Dhaka’s last engagement with Naypyidaw was on Jan. 19, in Beijing-brokered virtual trilateral talks. At the time, Aung San Suu Kyi’s National League for Democracy (NLD) government, elected last November, was in power.

Dhaka then urged Myanmar to create conditions in which refugees would agree to return.

The two sides tentatively discussed a fresh attempt to begin repatriation in the second quarter of this year, though it was not immediately clear what guarantees Rohingya would receive about their safety and livelihood under the plan.

Less than a month later, the NLD government was overthrown.

While Beijing told Dhaka last Friday that it was “appropriately addressing” Bangladesh’s desire to resume Rohingya repatriation talks, China’s ambassador to the South Asian nation earlier this month gave what appeared to be a more realistic assessment.

“We have lost contact in Myanmar on the Rohingya issue as the situation in Myanmar is not normal now. Bangladesh is also unable to communicate,” envoy Li Jiming said on May 10, in a virtual address to diplomatic correspondents in Dhaka.

“There are no signs of improvement in the situation. We have no choice but to be patient. We see no possibility of resuming the tripartite talks in the near future.”

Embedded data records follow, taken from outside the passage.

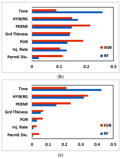 Figure 6 shows that, throughout time, the effect of the RTI decreased, whereas the impact of the STI increased gradually. The effect of the MTI was negligible in the initial portion of the simulation. However, since mineral trapping is the most secure method of safe storage of CO2, this study includes the effect of the MTI. It should be noted that the impact of the MTI will increase throughout time and will be more significant after a long period [66].
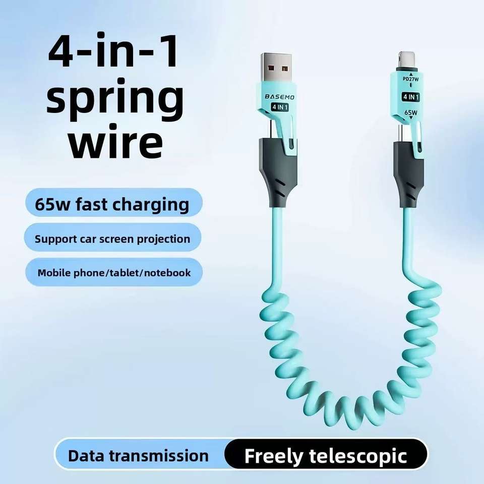 Câble de charge super rapide USB Type C 4 en 1 65W PD27W 3A Charge rapide 1,5m Cuivre pur USB3. Coque de protection en PVC pour ordinateur Huawei, modèle Car 1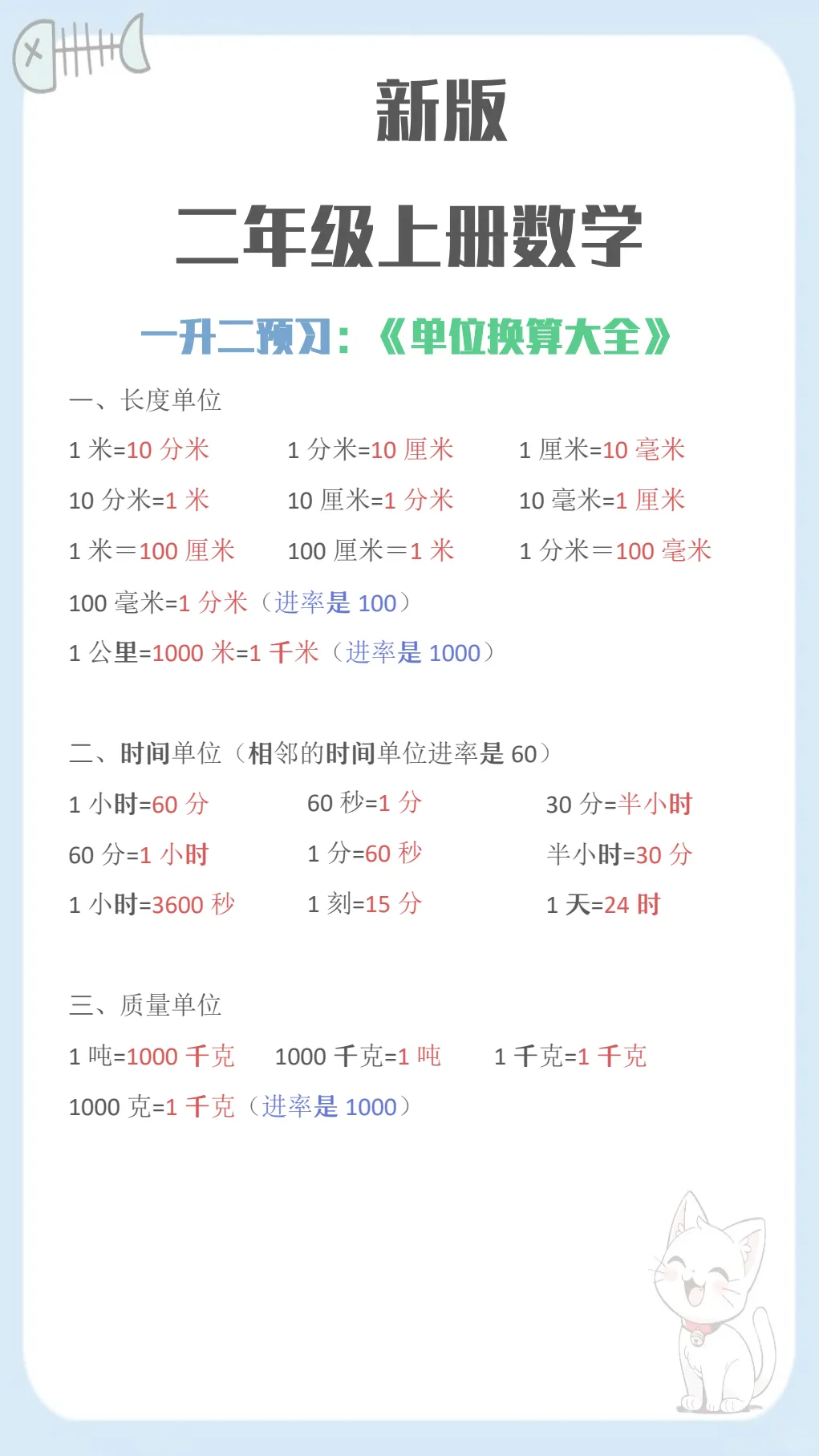 【新版】二年级上册数学单位换算大全,共1页,电子版可下载可打印,这份资料围绕二年级上册数学中的单位换算专项进行整理,帮助孩子熟悉常见单位之间的换算方法,进一步巩固相关基础知识与应用思路,内容清晰、使用方便,适合日常练习与查漏补缺,需要的家长可以及时下载打印出来,让孩子练一练。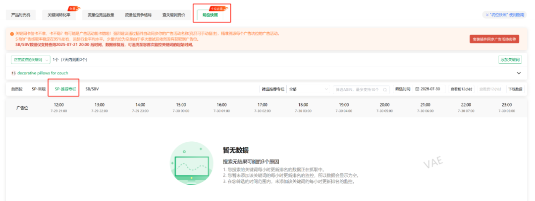小时级排名跟进产品的推荐流量专栏坑位(PS:无法放具体产品的数据,大家凑合来看)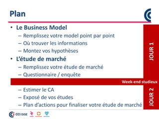 Le document décrit les étapes nécessaires à la création d'un business model, incluant l'élaboration d'une étude de marché et d'un plan d'affaires. Il fournit des conseils pratiques pour évaluer le marché, comprendre les besoins des clients et structurer une offre. Des outils comme le Business Model Canvas et divers articles et ressources pour la recherche sont également mentionnés.
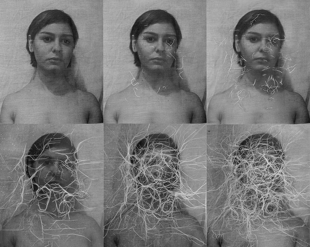Pooneh Oshidari , Process of the work during one month, Self portrait, 2016, grown roots on fabric, 35 x 30 cm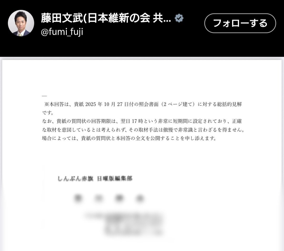 損害賠償請求されてもおかしくないんじゃないですかね? 当然今日の会見では、なぜ記者の名刺までXで公開したのか具体的な理由を回答して貰えるんですよね? #維新は害悪 #維新の犬笛 #維新は利権と汚職と税金泥棒 #公金ロンダリング #藤田文武 pic.x.com/AlRQnM2GGT x.com/fumi_fuji/stat…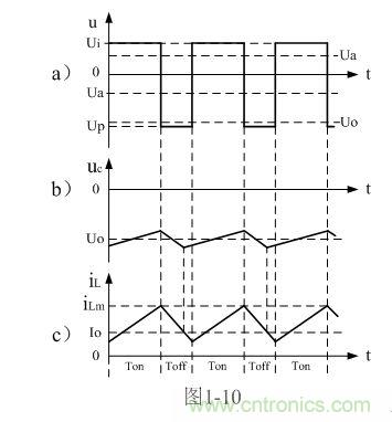 順便指出,反轉(zhuǎn)式串聯(lián)開關(guān)電源輸出電壓為負(fù)脈沖,當(dāng)圖1-7中的濾波電容器C開路時(shí),負(fù)脈沖的幅度將非常高,負(fù)脈沖是一個(gè)幅度按指數(shù)規(guī)律下降的尖脈沖,其幅度主要由負(fù)載電阻的大小,以及占空比來決定;當(dāng)圖7中的濾波電容器C接入后,反轉(zhuǎn)式串聯(lián)開關(guān)電源輸出電壓uo為一負(fù)方波,此方波我們可稱之為半波平均值,關(guān)于半波平均值的概念我們后面還會(huì)詳細(xì)解釋。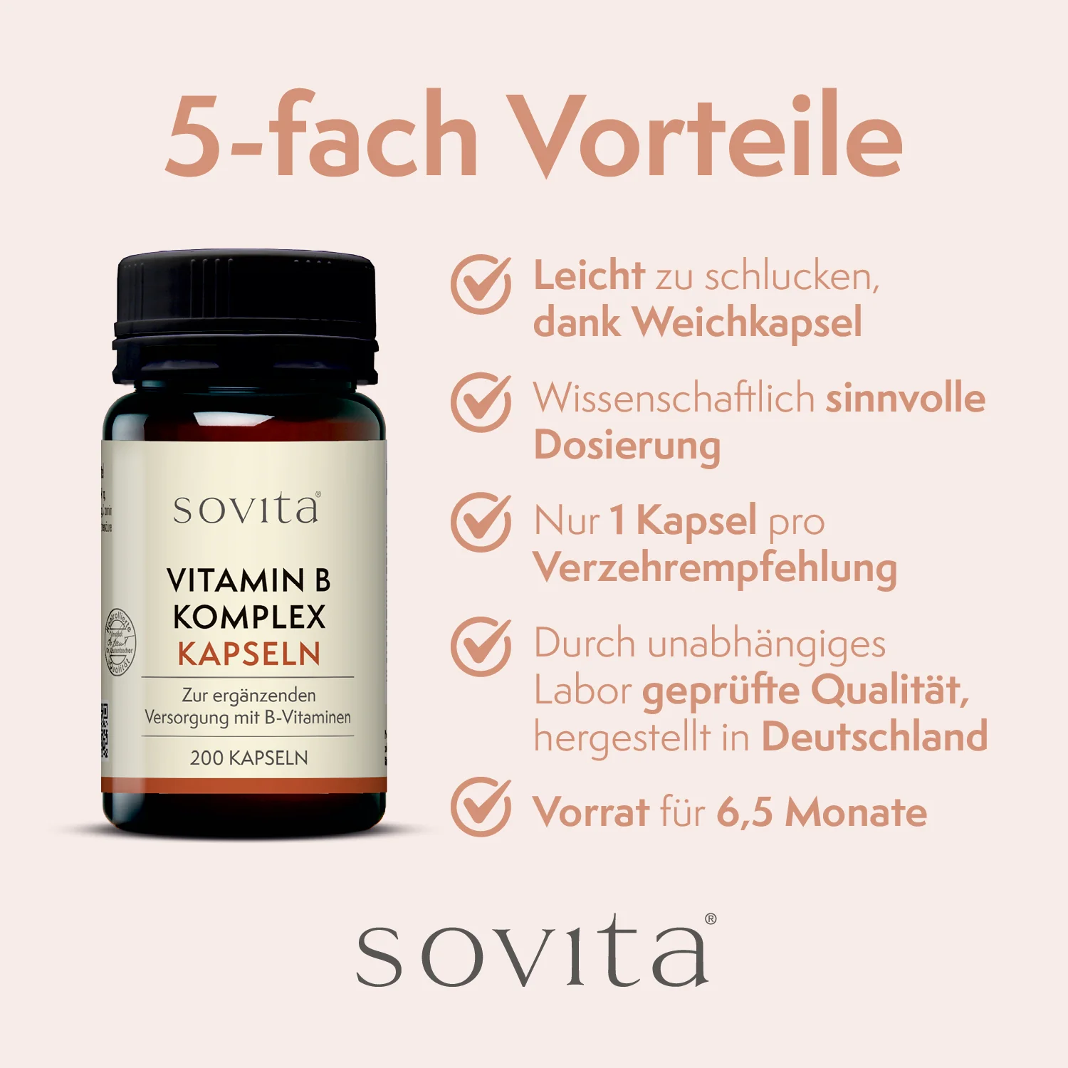 Die sovita Vitamin B Komplex Kapseln liefern Ihnen folgende Vorteile: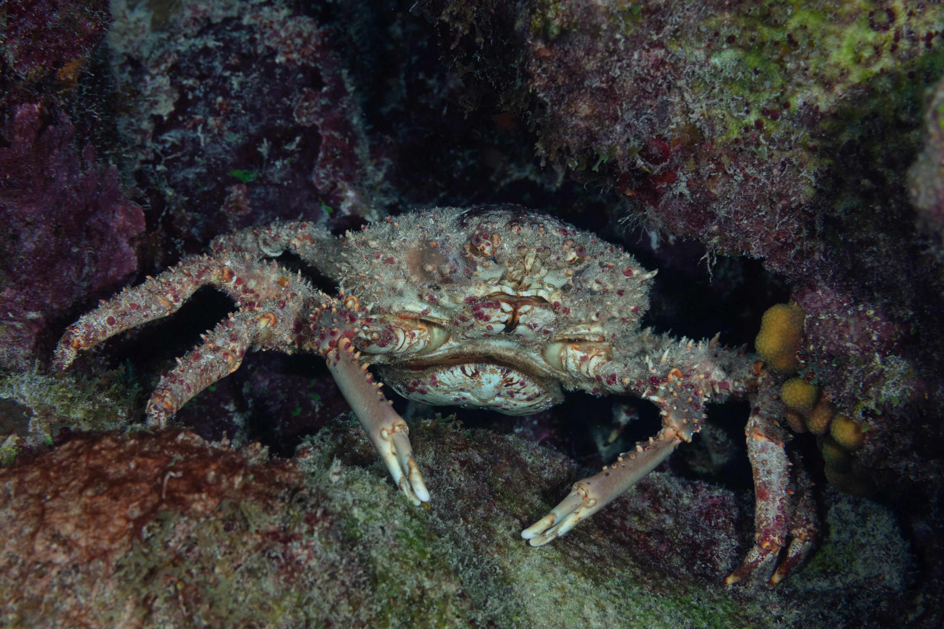 Channel Clinging Crabs, also known as King Crabs, often hide in caves and under ledges.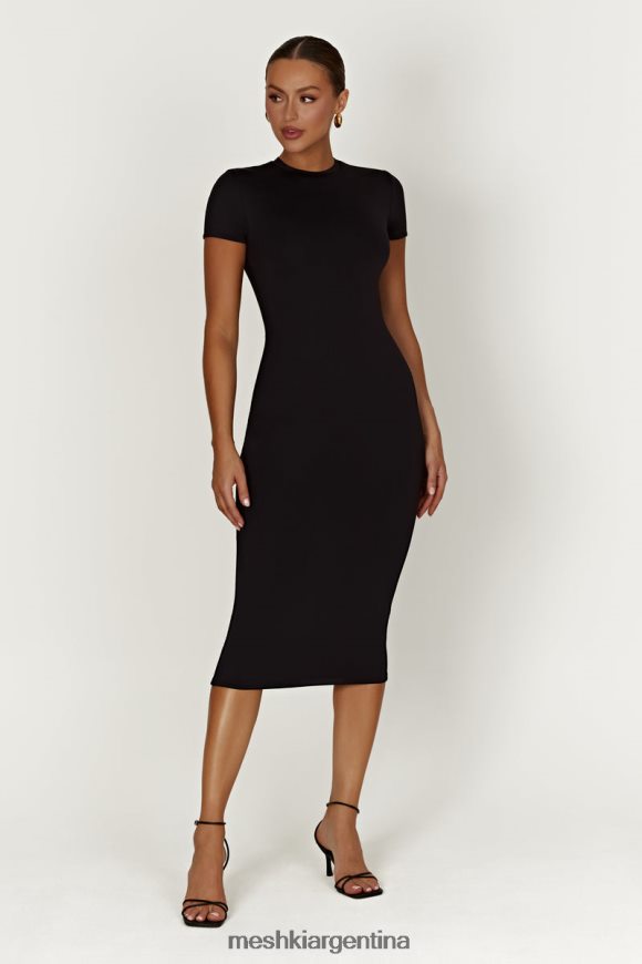 Meshki Argentina | Meshki vestido midi de manga corta de nailon reciclado penny 06482X349 negro

Bangladesh knew this was the case a month after the Myanmar military coup, as the parliamentary committee on foreign affairs urged the foreign ministry to look to other nations to continue with talks about sending the Rohingya back.

The committee said “not to depend on the Myanmar’s military government for Rohingya repatriation, and expedite the diplomatic efforts to put more international pressure on Myanmar,” according to the minutes of its March 10 meeting obtained by BenarNews.

In late 2017, both Myanmar and Bangladesh agreed to begin the process of the voluntary Rohingya repatriation but that never took off partly because refugees were reluctant to return to what they described as a hostile environment in their Rakhine state.

‘They never want that the Rohingya return’

The latest developments – especially Min Aung Hlaing’s comments – have not surprised the Rohingya refugees, more than a million of whom live in camps in Cox’s Bazar.

The Rohingya know all too well about violence and persecution by Myanmar’s military. And they are very familiar with Senior Gen. Min Aung Hlaing.

In August 2017, the Myanmar military under his leadership launched an offensive against the Rohingya that the U.N. later described as “a textbook example of ethnic cleansing.”

“The comments by the Myanmar military chief about Rohingya repatriation are not new. This is a continuation of their previous statements. They never want that the Rohingya return to their homeland in Myanmar,” Md. Rafiq, a camp leader, told BenarNews.

“True repatriation would only begin when the U.N. and the international community remain fully engaged. We would not return to Rakhine unprotected. We will go back once our nationality is returned and safety and security are guaranteed.”

For Master Md. Ilias, another refugee leader, it makes no difference whether Myanmar is military- or civil-controlled.

“We believe neither the Myanmar military nor [Aung San] Suu Kyi – they are two sides of the same coin. They would not protect the interests of the Rohingya; they will not accept the Rohingya. The only option we have is the international community,” Ilias told BenarNews.